Some of the other solutions seem a little like overkill. I think the simplest way is just to notice that this is a right triangle, with vertices P, T, and O (the origin). The angle PTO is the right angle, because a tangent line is always at a right angle to a radius.

You know the length of TO because it's of length r and has a vertex at the origin; you know OP because you know where O and P is. Given two sides of a right triangle, it's easy to find the length and direction of the third side. This is homework, so I'll leave the rest as an exercise to the reader.

                    __...------__    T(x2, y2)                      
               _.-''             -(+)
            ,-'                   |----             
          ,'                     |     ----
        ,'                      |       '  ----
       /                       |         `     ----       
      /                       |           `.       ----   
     /                       |             \           ----
    |                       |               |              ----
    |                      |                 |                  ----
    |                     |                  |                      ----
    |                   (+)---------------------------------------------(+) P (x1,y1)
    |                                        .'        
    |                    O                   |         
     |                                      .'         
      \                                     /          
       \                                  ,'           
        `                                /             
         '.                            ,'              
           '-.                      _,'             
              '-._              _,(+)  T'(x3, y3)                   
                  '`--......---'                       

There are two possible directions for TO, since the point T' is also a valid tangent point, so you will have two congruent triangles.
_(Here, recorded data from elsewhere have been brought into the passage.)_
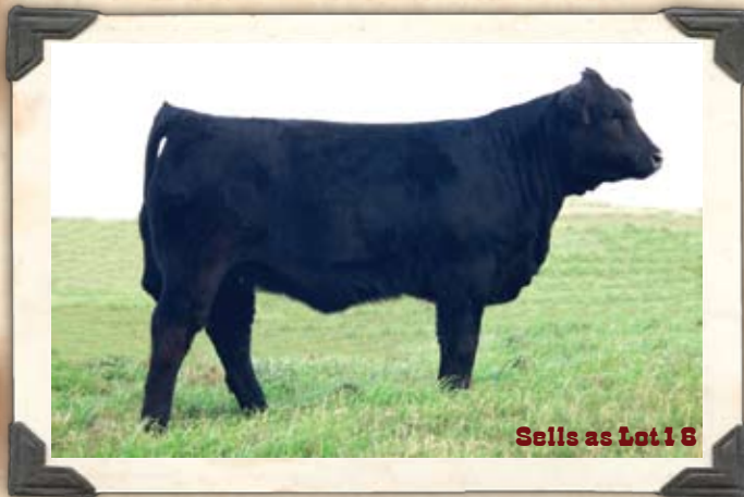
Sells as Lot 18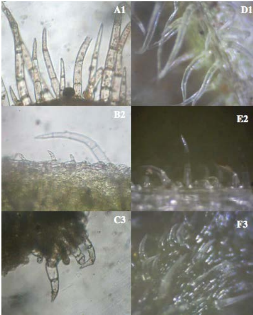
Figure 2. Trichomes of leaf cross sections viewed under the photomicroscope at 100X (A-C) and on the leaf surface viewed with Microncam at 120X (D-F) of C. blumei varieties: 'Defiance' (1), 'Shocking Pink' (2), and 'Small Leaf' (3).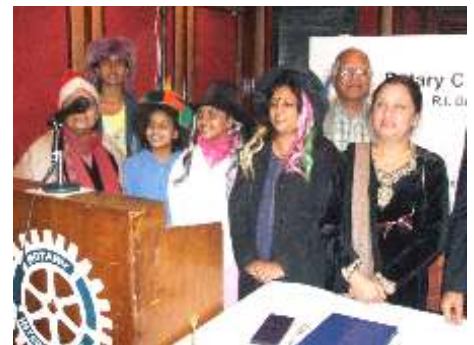
New Year Celebrations - Revelers

This is the last issue of the Mid Towner of 2007, and The Mid Towner wishes the readers, once again, A GR8 2008.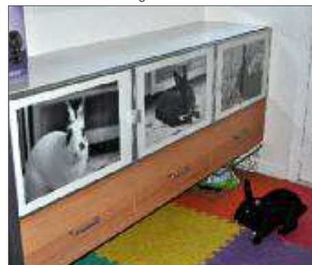
The storage cabinet is suspended.

storage cabinet. It’s suspended off the ground by a wall mount so my bunnies can run underneath it or use it as a hiding place. I used the glass doors as picture frames for my rabbits. Now everyone coming in knows right away that they’ve stepped into the rabbit zone!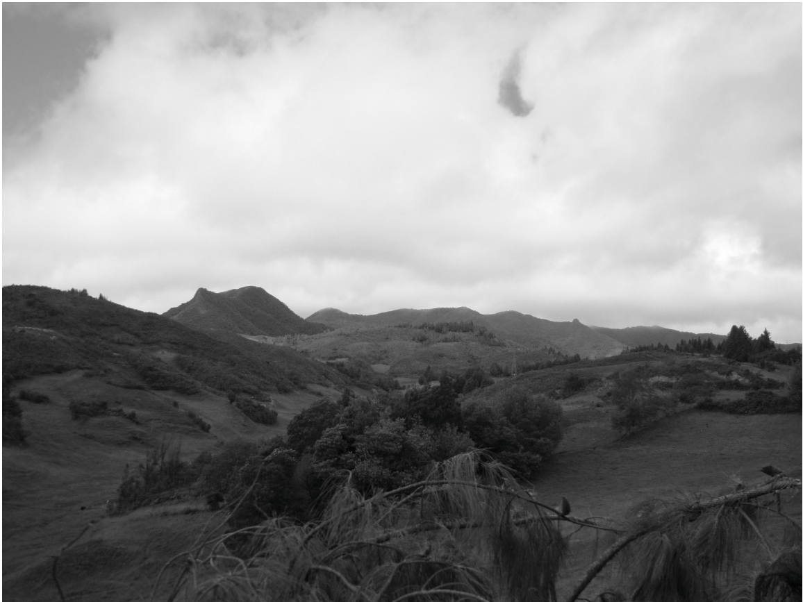
Figure 8: The páramo of Ñamarín, looking South towards Uritusinka.

increasing mestizaje and outmigration has led, eventually, to the decline and even death of the previously “indigenous” community. Though Trawick could be criticized for pursuing “lo Andino” (the essentialist view of traditional, timeless Andean indigenous practices), many comuneros in Saraguro also believe that declining minga participation, youth who do not wish to farm or herd, and increased mestizaje is leading not only to a change in what it means for them to be indigenous, but also to a decline in the community itself.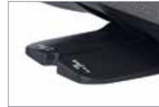
Left side: Seat height adjustment, seat depth adjustment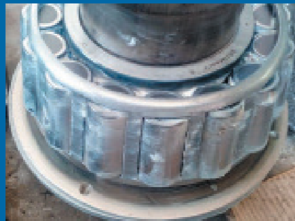
Bearings using ROCOL® foodlube premier 1 (after 5 months)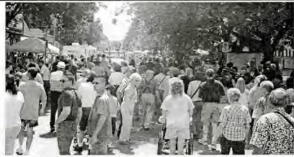
Houby Days - Czech Village Main Street

Houby days were held in Cedar Rapids' Czech Village May 16-18 th . Great weather brought out a great crowd. Along with traditional Czech music entertainment, events included A Taste of Czech & Slovak where visitors could taste various ethnic dishes, an egg & mushroom breakfast, the Miss Czech Slovak Iowa Pageant (see articles on pages 3-5), a parade, a Houby contest, a kolach eating contest, Maypole dances, and a button Accordion Jamboree.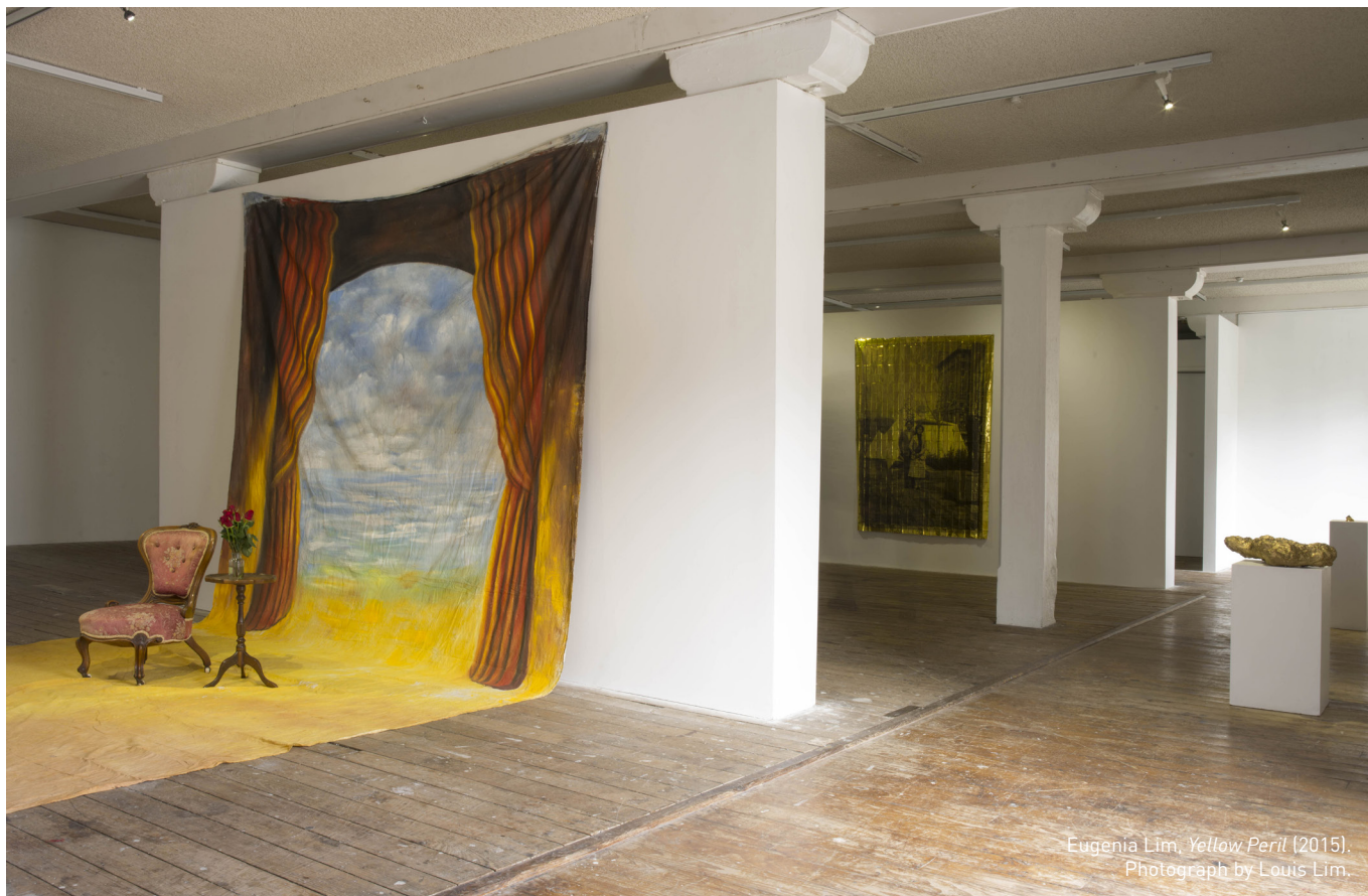
Eugenia Lim, Yellow Peril (2015).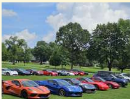
"Field of Dreams"

WHAT: broasted chicken, pulled pork, sausage sandwiches, hot baked beans, macaroni salad, potato salad, ring bologna, cubed cheese, pickles & olives, chips & pretzels, desserts, water, soda & beer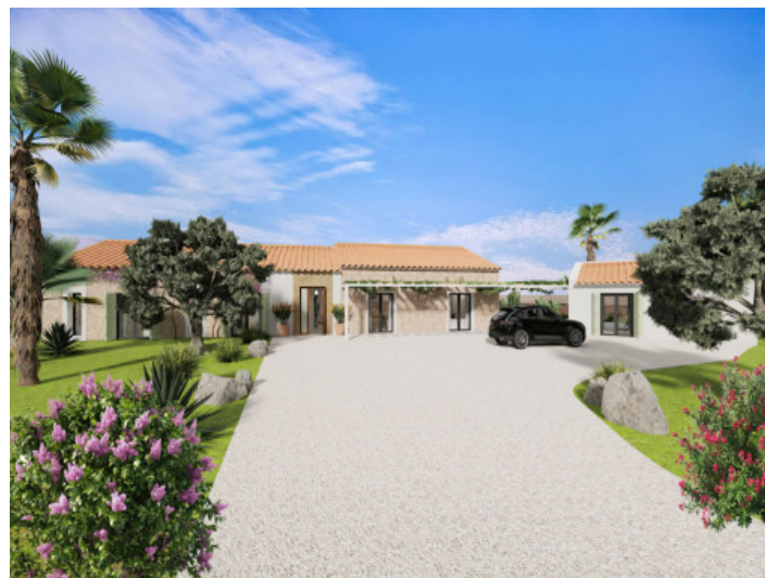
Beautiful construction project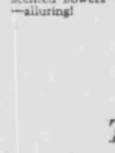
LURA Toilet Water—Just a breath of sweet-scented flowers—elusive—alluring!

QUEL magic est-il? What magic is this? All day in sun and wind—burning—drying! Mais, behold! It is morning—and Madam is marvelous! Fresh as dew diamonds—pink as the petal of the primrose! What delight to see her so!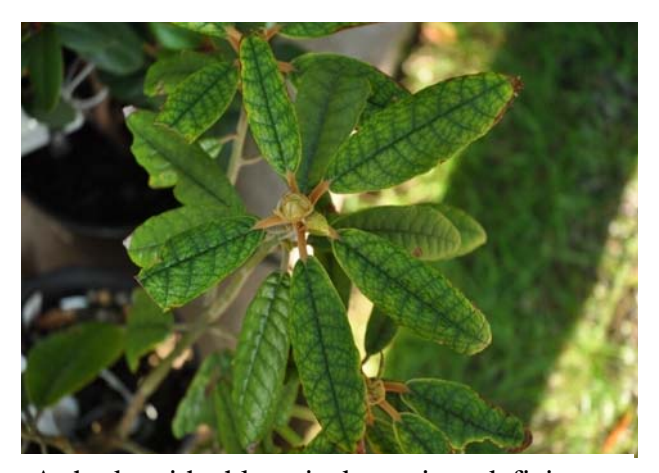
A rhodo with chlorosis due to iron deficiency.

As the pH rises (soil becoming more alkaline, or sweeter) two things happen. First iron becomes unavailable. In rhodos this leads to chlorotic leaves with yellow veins. Secondly Ca (calcium) becomes more available. That is bad for rhodos which need some calcium, but not too much, though there is still scientific debate as to whether it is the calcium or the carbonate which goes with it that causes the damage. That is why one should never use regular lime on rhodos, as it is mainly calcium carbonate. Instead, if the soil needs sweetening, use dolomite lime, which is slower acting, but contains a lot of Mg (magnesium) in place of the calcium, and thus does less damage. Normal pure rainwater has a pH of 5.6, but the pH can be much lower in polluted areas (acid rain). Some of this acid is neutralized by elements in the soil, depending on the soil type. But the end result is that in our rainy climate the soil tends to be naturally acid, part of the reason we can grow rhodos so well. In extremely rainy areas the soil may get too acid and so some people in such areas use a bit of dolomite lime on their rhodos. In our garden the pH seems to be around 6, so I have never found

All you need is in dmckee's answer, but if you care for some code check this implementation using Javascript and HTML canvas.

Full example: http://jsfiddle.net/zxqCw/1/

// find tangents
dx = cx - px;
dy = cy - py;
dd = Math.sqrt(dx * dx + dy * dy);
a = Math.asin(radius / dd);
b = Math.atan2(dy, dx);

t = b - a
ta = { x:radius * Math.sin(t), y:radius * -Math.cos(t) };

t = b + a
tb = { x:radius * -Math.sin(t), y:radius * Math.cos(t) };

Take R as the radius of the circle and D the distance from the external point to the center of the circle such that D > R.

The tanget line makes and angle of \alpha with the line connecting the external point and the center, where

\alpha = arcsin(R/D)

The line connecting the external point (P) and the center (C) makes an angle with the horizontal of

\beta = arctan((C_y - P_y)/(C_x - P_x))

That gives you the angle of the tangent line with the horizontal as

\theta = \beta +/- \alpha

Note the ambiguity.

The length of the tangent segment is

L = sqrt(D^2 - R^2)

which is all you need.

imbrizi's answer assumes that the circle's center is (0,0).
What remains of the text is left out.